Lines outside the range are not wanted. Give again exactly the lines between the line holding "Шкарпетки Кролик в" and the line holding "我司于2009年下半年在四川", inclusive, from the listing below.

**Data for processing**
===============
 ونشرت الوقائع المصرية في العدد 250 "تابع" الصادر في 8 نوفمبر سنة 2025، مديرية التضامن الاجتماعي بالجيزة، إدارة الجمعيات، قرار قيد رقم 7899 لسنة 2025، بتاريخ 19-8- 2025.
===============
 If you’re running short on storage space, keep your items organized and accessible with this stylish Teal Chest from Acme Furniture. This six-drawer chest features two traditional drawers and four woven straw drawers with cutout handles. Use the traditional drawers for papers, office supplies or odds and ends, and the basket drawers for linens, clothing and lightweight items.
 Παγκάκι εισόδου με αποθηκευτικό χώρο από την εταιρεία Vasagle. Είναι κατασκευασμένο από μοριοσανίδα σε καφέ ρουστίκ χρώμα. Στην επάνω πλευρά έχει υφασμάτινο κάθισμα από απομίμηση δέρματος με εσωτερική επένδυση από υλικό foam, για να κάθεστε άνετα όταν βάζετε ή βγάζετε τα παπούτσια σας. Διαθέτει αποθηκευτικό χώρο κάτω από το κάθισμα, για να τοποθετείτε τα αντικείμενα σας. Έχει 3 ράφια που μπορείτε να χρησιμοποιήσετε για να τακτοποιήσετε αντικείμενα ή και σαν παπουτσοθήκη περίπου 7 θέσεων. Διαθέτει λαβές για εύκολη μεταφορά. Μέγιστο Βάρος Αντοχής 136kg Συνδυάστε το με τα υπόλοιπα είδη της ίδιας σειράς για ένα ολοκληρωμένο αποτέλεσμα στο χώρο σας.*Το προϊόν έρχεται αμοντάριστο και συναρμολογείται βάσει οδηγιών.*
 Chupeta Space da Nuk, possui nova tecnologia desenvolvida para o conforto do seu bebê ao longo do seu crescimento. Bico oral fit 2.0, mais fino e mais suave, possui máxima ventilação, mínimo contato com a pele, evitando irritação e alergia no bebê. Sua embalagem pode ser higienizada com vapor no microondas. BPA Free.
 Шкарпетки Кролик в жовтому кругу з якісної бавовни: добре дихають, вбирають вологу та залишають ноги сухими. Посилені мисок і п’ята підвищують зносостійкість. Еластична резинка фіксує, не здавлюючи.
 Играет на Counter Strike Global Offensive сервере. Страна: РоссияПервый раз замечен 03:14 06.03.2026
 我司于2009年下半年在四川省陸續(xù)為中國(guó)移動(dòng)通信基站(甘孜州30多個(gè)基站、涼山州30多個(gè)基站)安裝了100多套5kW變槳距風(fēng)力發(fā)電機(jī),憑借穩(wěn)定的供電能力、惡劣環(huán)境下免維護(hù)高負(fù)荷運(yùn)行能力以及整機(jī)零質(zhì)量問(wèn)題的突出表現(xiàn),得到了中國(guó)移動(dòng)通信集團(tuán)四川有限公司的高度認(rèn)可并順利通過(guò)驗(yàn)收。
===============
**Answer area**
 Шкарпетки Кролик в жовтому кругу з якісної бавовни: добре дихають, вбирають вологу та залишають ноги сухими. Посилені мисок і п’ята підвищують зносостійкість. Еластична резинка фіксує, не здавлюючи.
 Играет на Counter Strike Global Offensive сервере. Страна: РоссияПервый раз замечен 03:14 06.03.2026
 我司于2009年下半年在四川省陸續(xù)為中國(guó)移動(dòng)通信基站(甘孜州30多個(gè)基站、涼山州30多個(gè)基站)安裝了100多套5kW變槳距風(fēng)力發(fā)電機(jī),憑借穩(wěn)定的供電能力、惡劣環(huán)境下免維護(hù)高負(fù)荷運(yùn)行能力以及整機(jī)零質(zhì)量問(wèn)題的突出表現(xiàn),得到了中國(guó)移動(dòng)通信集團(tuán)四川有限公司的高度認(rèn)可并順利通過(guò)驗(yàn)收。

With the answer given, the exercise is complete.